The given tests use Pythons UnitTest package for testing. test_braidword.py contains over 350 lines of tests with 30+ test cases (at the time of writting this readme). The test cases contain suites that test for initialization, boolean helper functions (such as canDestabilize, canFlip, etc...), and the BraidWord methods (such as Destabilize, Flip, etc...). Examples of test_braidword.py include:

def test_init_pathfail_0(self):
    '''
    Should raise TypeError if initword
    is not a list (args)
    '''
    with self.assertRaises(TypeError) as te:
        bw = BraidWord(1)
def test_canCancel_pathfail(self):
    """Should return False when adjacent
    generators are not inverses of one other"""
    bw = BraidWord([1, 2, 3, -3])
    # Execution path False
    self.assertFalse(bw.canCancel(0))
def test_cancel_pathsuccess(self):
    """Should successfully cancel gen @idx 3
    and should modify word"""
    bw = BraidWord([-1, 2, 3, 1])
    # Execution path True
    self.assertTrue(bw.cancel(3))
    # Word modification
    self.assertEqual(bw.word, [2, 3])

test_markovchain.py contains roughly 200 lines of tests with 18+ test cases (at the time of writing this readme).

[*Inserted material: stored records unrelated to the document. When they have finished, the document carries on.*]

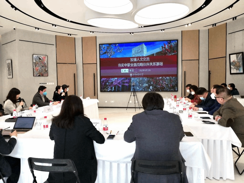 “蒙中专家座谈会”是蒙古国驻华大使馆在华举办的年度学术活动,旨在增进与中方蒙古学家的交流合作。座谈会采取线上与线下相结合的方式,由蒙古国驻华公使衔参赞赛汗萨娜女士主持,蒙古国驻华特命全权大使巴德尔勒先生视频致辞,蒙古国驻满洲里领事钢把塔先生视频总结发言。与会蒙方嘉宾还包括蒙古国蒙古学国家理事会秘书长扎雅巴特尔先生(视频致辞)、蒙古国立大学人文学院扎呼楞博士(线上演讲)。
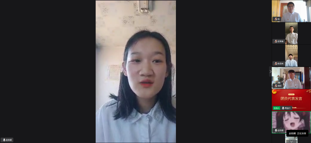 仪式第六项:团员代表发言;新团员代表赵茹媛、老团员代表陈思睿分别代表新老团员进行发言;
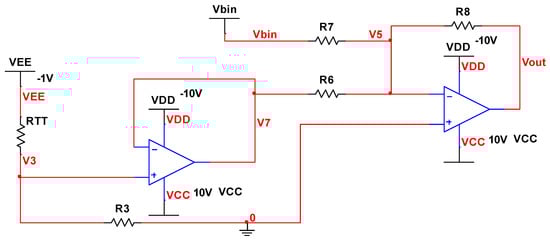 The temperature bias compensation circuit is shown in Figure 8; the parameters and simulation results are shown in Table 5, and the following functions can be obtained:

The test cases contain suites that test mainly for initialization and that containers, such as logs, braidrepisms, and braidagg, vis-a-vis the aggregate, logs, and braidreps methods, as well as exporting methods, such as tocsv, topandas, and totxt, are valid (i.e. not empty). The lack of automated tests for said script is due to the probabilistic nature of the results of the model method. Results for this method may be tested by hand or an auxiliary program, such as ``KnotPlot." Examples of test_markovchain.py include:

def test_init_pathfail_0(self):
    """Should throw error if BraidWord not given"""
    with self.assertRaises(Exception) as te:
        MarkovChain()
def test_aggregate(self):
    '''
    Should return non-empty self.braidagg
    '''
    mc = MarkovChain(BraidWord([1, 2, 3]))
    mc.model(num_braidreps=1, msteps=10)
    # Check if non-empty
    self.assertTrue(mc.aggregate())
def test_logs(self):
    '''
    Should return non-empty self.braidagg.logs
    '''
    mc = MarkovChain(BraidWord([1, 2, 3]))
    mc.model(num_braidreps=1, msteps=10)
    # Check if non-empty
    self.assertTrue(mc.logs())

BraidWord's crossing_change and resolution methods follow similar formats and can be viewed in the tests\test_braidword module in the repository.

Documentation

For more information about methods and code fragments, please refer to the documentation.

Contributing

Please read CONTRIBUTING.md for details on our code of conduct, and the process for submitting pull requests to us.

Versioning

We use SemVer for versioning. For the versions available, see the tags on this repository.

Authors

License

This project is licensed under the MIT License - see the LICENSE.md file for details.

Acknowledgements

This package makes use of pandas as a requirement. Please refer to the pandas license for more information on their license.

The CONTRIBUTING.md content was adapted from PurpleBooth's Good-CONTRIBUTING.md-template.md.

A. Moore and S. Witte acknowledge the partial support of NSF grant DMS-1716987.